__Data shown__:
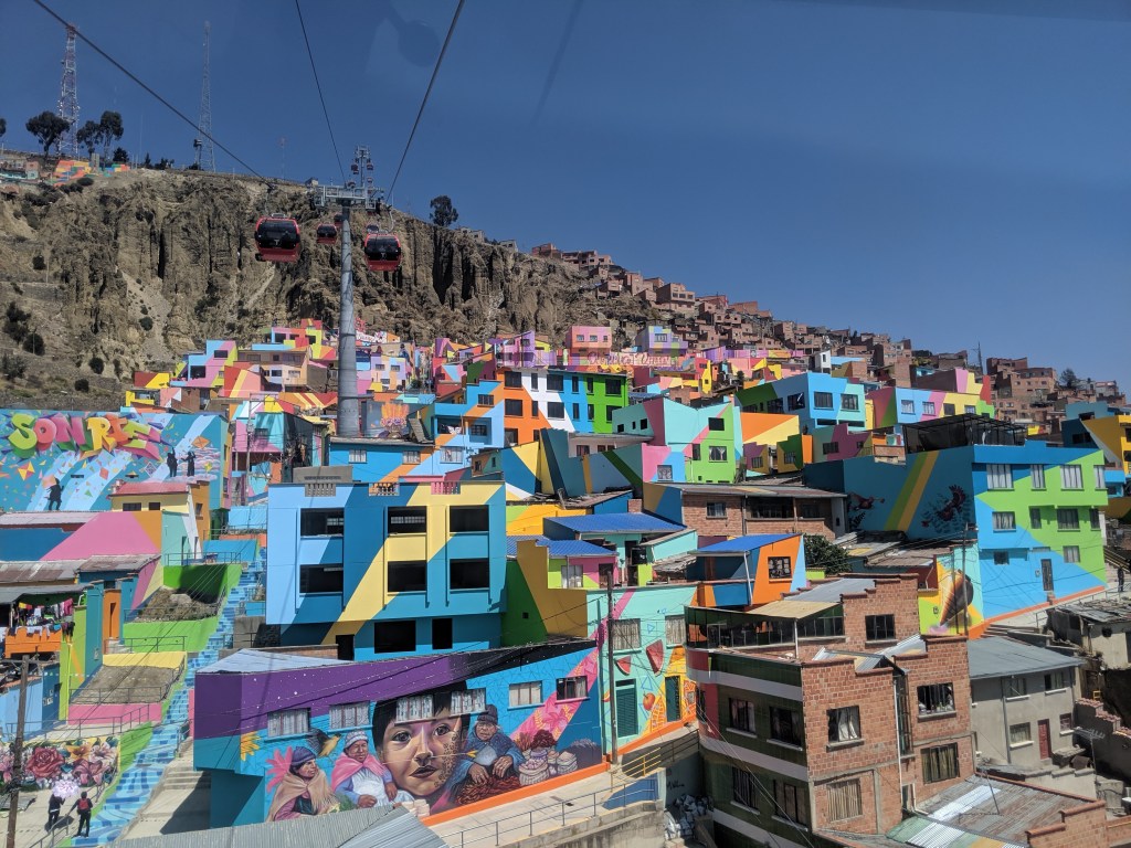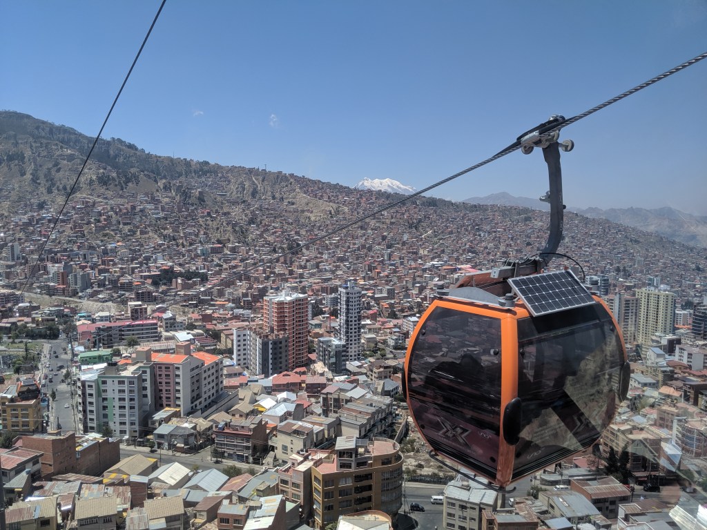 It was really nice having two full rest days in La Paz, the last two days of September. Especially for me since my cough has gotten worse lately – I needed two days of not breathing hard to recover. The first morning was a Sunday and eight of us went on a cable car tour of La Paz after breakfast. We walked over to the Estación Central where two of the many cable car lines start. We chose Red first since it went uphill – we had ridden under it the day before descending into La Paz. The special tickets that let you go on all the lines for 24 hours (no more than one hour stop at any station though) cost BOB 11 ($1.59). Such a deal! The system is built by the Swiss and once you’re inside a station or in the cable car itself you don’t really feel like it’s Bolivia. It’s so modern, clean, fast and efficient. We rode up to the top, switched to the Silver line, rode for a few stations, had ice cream/coffee/pastries at a coffee shop with a panoramic view of La Paz, from 4,100m. Then we took the Yellow line down to below the level of our hotel. Then Blue one stop to downtown, then White through the middle of downtown to Orange, up and over a hill and back down to Estación Central.
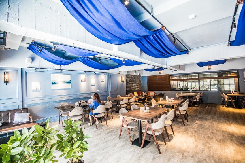 Olá C.C. Cafe & Eatery用餐環境也是相當舒適明亮,不像一般餐酒館那樣給人沈重的暗色調感覺,走海島度假風的藍白風格,用餐區域分為幾個區域,像是靠窗的浪漫沙發區,多人的長桌區,猶如居家客廳空間的大沙發區,幾乎可以滿足所有人的用餐需求
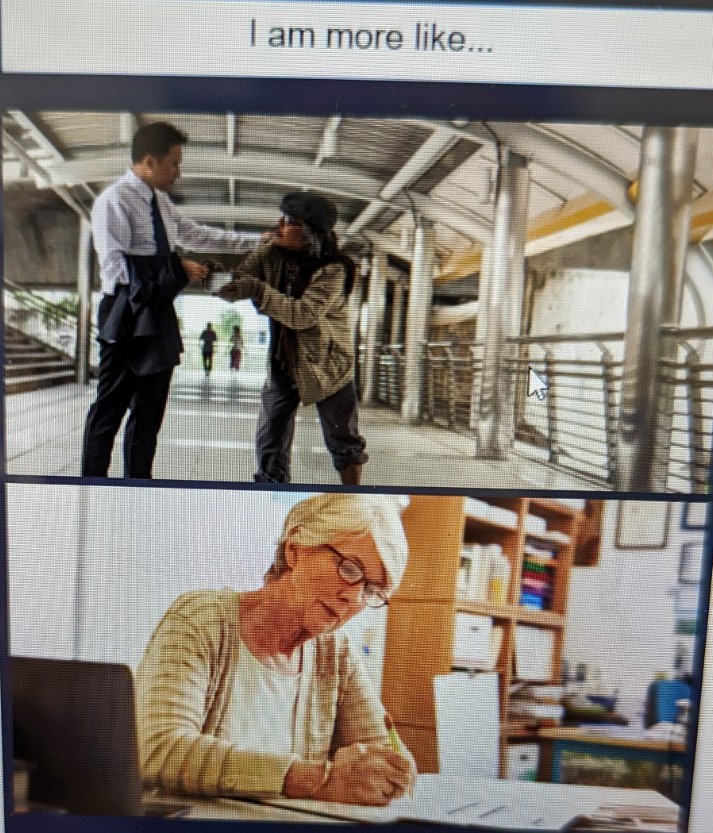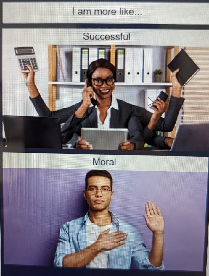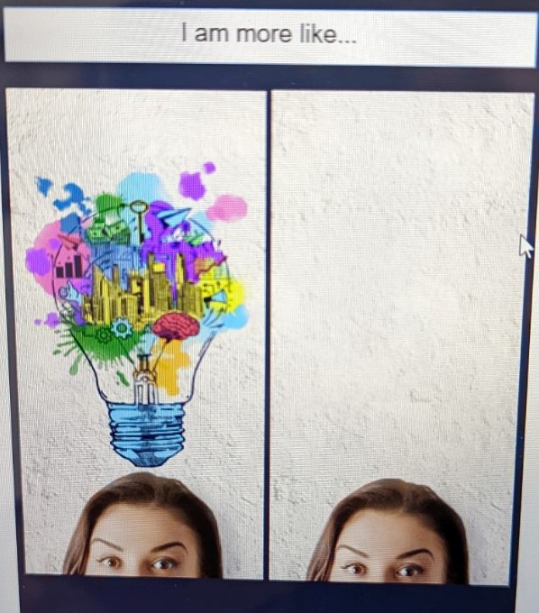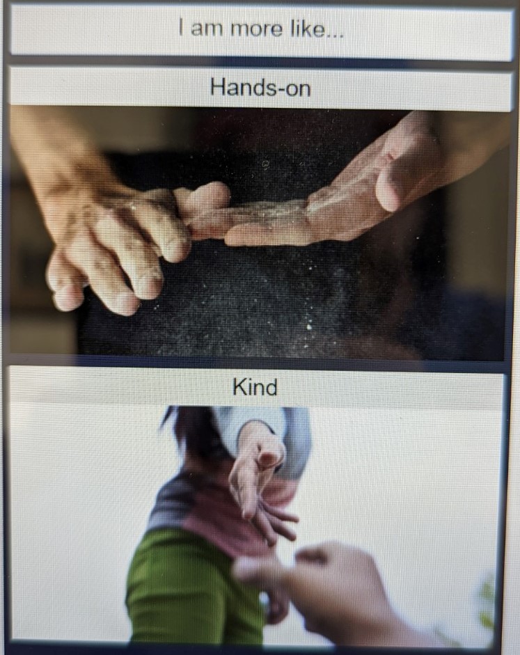 “No right or wrong answers!” the app proclaimed–a bizarre thing to say at the start of a purported game–then proceeded to present screens with two images. My task was to choose the image that is “most like me.” Soon I was off on the enviable journey of reducing my personality to a series of 56 binary choices. That’s when things got weird… and hilarious. See what I mean:

__What this task involves__:
Reproduce the entire listing exactly, except for any pictures it contains.

__Answer__:
 It was really nice having two full rest days in La Paz, the last two days of September. Especially for me since my cough has gotten worse lately – I needed two days of not breathing hard to recover. The first morning was a Sunday and eight of us went on a cable car tour of La Paz after breakfast. We walked over to the Estación Central where two of the many cable car lines start. We chose Red first since it went uphill – we had ridden under it the day before descending into La Paz. The special tickets that let you go on all the lines for 24 hours (no more than one hour stop at any station though) cost BOB 11 ($1.59). Such a deal! The system is built by the Swiss and once you’re inside a station or in the cable car itself you don’t really feel like it’s Bolivia. It’s so modern, clean, fast and efficient. We rode up to the top, switched to the Silver line, rode for a few stations, had ice cream/coffee/pastries at a coffee shop with a panoramic view of La Paz, from 4,100m. Then we took the Yellow line down to below the level of our hotel. Then Blue one stop to downtown, then White through the middle of downtown to Orange, up and over a hill and back down to Estación Central.
 Olá C.C. Cafe & Eatery用餐環境也是相當舒適明亮,不像一般餐酒館那樣給人沈重的暗色調感覺,走海島度假風的藍白風格,用餐區域分為幾個區域,像是靠窗的浪漫沙發區,多人的長桌區,猶如居家客廳空間的大沙發區,幾乎可以滿足所有人的用餐需求
 “No right or wrong answers!” the app proclaimed–a bizarre thing to say at the start of a purported game–then proceeded to present screens with two images. My task was to choose the image that is “most like me.” Soon I was off on the enviable journey of reducing my personality to a series of 56 binary choices. That’s when things got weird… and hilarious. See what I mean:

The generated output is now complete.